The conflation between risk and release was nearly universal. An AP report last fall, which sparked the scandal, found that some of the inmates let out of prison early thanks to MGT Push had what the press service described as "violent" records and committed additional crimes after being let out. In August, Former Judge David Erickson released a report panning the Illinois Department of Correction's oversight of MGT Push, calling it a "mistake" that presented "dangers to the public safety."
Those facts, though, don't seem to support these assertions. Looking through the data of those who took advantage of the program during 2009, the professor found that Randle's decision did not dramatically change the amount of time served for the vast majority of inmates. The average sentence reduction was actually just 37 days.

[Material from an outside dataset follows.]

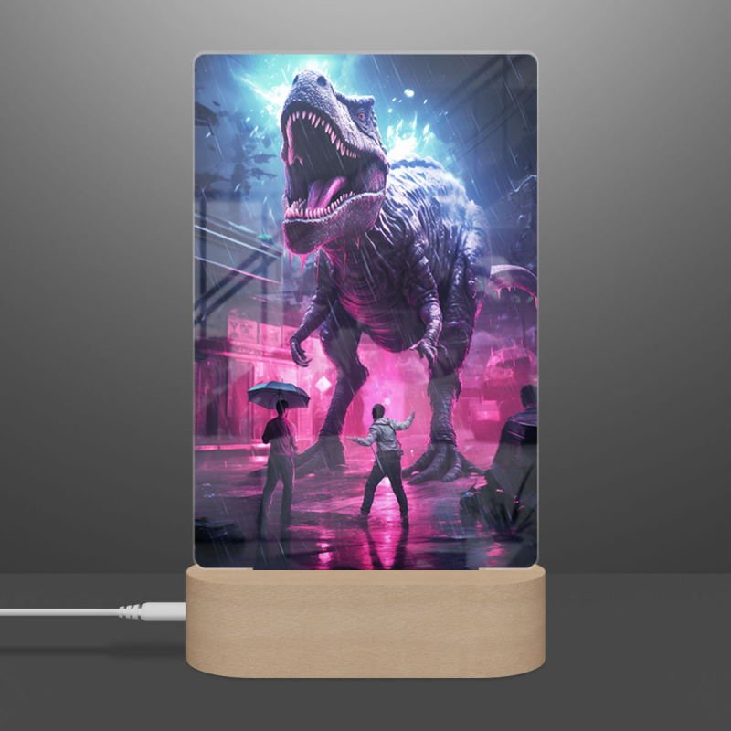 Lampa dinosaurus v dešti neonové barvy

So what about the violent offenders who DOC officials allegedly released early, only to find that they re-offended? The early date of release for the three defendants identified in the AP's first story on the topic were largely set by a plea bargain approved by a trial court prosecutor and agreed to by the offender's lawyers and a courtroom judge. Various stakeholders in the criminal justice system -- sentencing judges and prosecutors in particular -- use "statutory good time" credits as incentives to force guilty pleas from low-level defendants who take up a lot of valuable time in court. Those credits "are the grease on which cases slide expeditiously through a court system that is every bit as crowded as are Illinois jails and prisons." More from the report:
Under Illinois sentencing law, these three inmates' sentences had essentially been completed by the time they arrived at the Department of Corrections. What the MGT-Push program did was simply reduce the 60 day delay in awarding MGT credits. The amount of time saved by MGT-Push in these three cases was 39, 42 and 43 days. These amounts of time were minor compared to the 50% reduction effected by “day-for-day” or “statutory” good time.
Let's not forget that the recidivism rate over three years is 52 percent in Illinois. To make the case that the program led to an increase in recidivism, one would have to track the criminal records of every inmate released after Randle's administrative change for 36 months. After all, letting anyone out of prison, particularly when the safety net for ex-offenders has so many holes, carries risks. Here's a short clip we shot early this year of prison reformers making this important point:
The practical results of the MGT Push suspension are unsettling. By legislating that inmates must stay in the system for at least 74 days before their meritorious credits can be accessed, the state effectively reduces the amount of time he or she may be supervised in the community by parole agents and rehabilitation service providers. And since the program was halted 10 months ago, the already-immense state prison population jumped by 3,000 inmates:
Young, it should be noted, was appointed by the Quinn administration to the DOC's Adult Advisory Board last year. But the professor makes a convincing case that "Illinois has become a textbook example of what can happen when politics overrides sound policy and facts yield to hyperbole in criminal justice decision-making." While the execution of the MGT Push had some flaws, Quinn's program does not seem to have endangered public safety anywhere near to the degree voters have been lead to believe.
With the election just days away, it's a message undecided voters should take to heart.